To the extent permitted under applicable laws, users may exercise the following rights regarding their personal information:

  • Request access to personal information
  • Request correction/amendment of personal information
  • Request deletion of personal information
  • Request suspension of processing of personal information
  • Withdraw consent
  • Withdraw consent to receive marketing communications

Users may make such requests through the settings menu within the Service or via the contact information below, and the Company will process them without undue delay in accordance with applicable laws. However, certain requests may be restricted where information must be retained under law.

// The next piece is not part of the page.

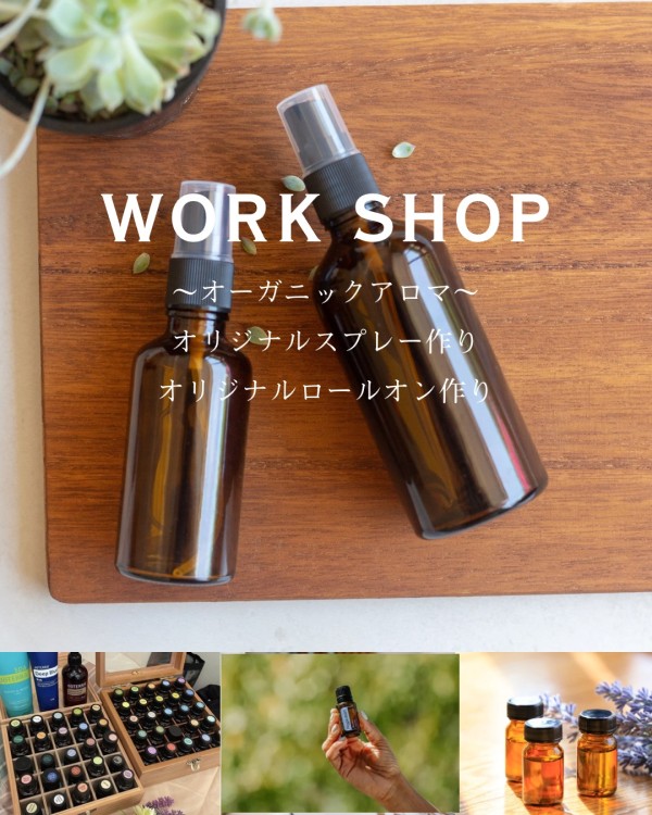 オーガニックアロマオイルを使った、アロマスプレーやロールオン作りのワークショップです。

Article 12 (Children’s Personal Information)

Where the Company processes personal information of children requiring legal protection, the Company will comply with applicable laws and required procedures, including obtaining consent from a parent or legal guardian where necessary.

Article 13 (Measures to Ensure the Security of Personal Information)

The Company implements the following protective measures to ensure the safe processing of personal information:

  • Minimization of access rights and access control management
  • Retention of access logs and access control
  • Encryption of data in transit (e.g., TLS/SSL)
  • Protection measures for passwords/authentication information
  • Security updates and vulnerability inspections
  • Internal employee training and supervision of outsourced providers
  • Operation of incident and breach response procedures

Article 14 (Privacy Officer / Contact Information)

The Company operates the following contact channel for inquiries, complaint handling, and requests to exercise rights related to personal information:

Email: privacy@laotourpass.com

Article 15 (Changes to this Privacy Policy)

The Company may revise this Privacy Policy in accordance with changes in laws, service content, or operational policies. If there is a material change, the Company will provide prior notice through the Service’s notices, website, or app screens.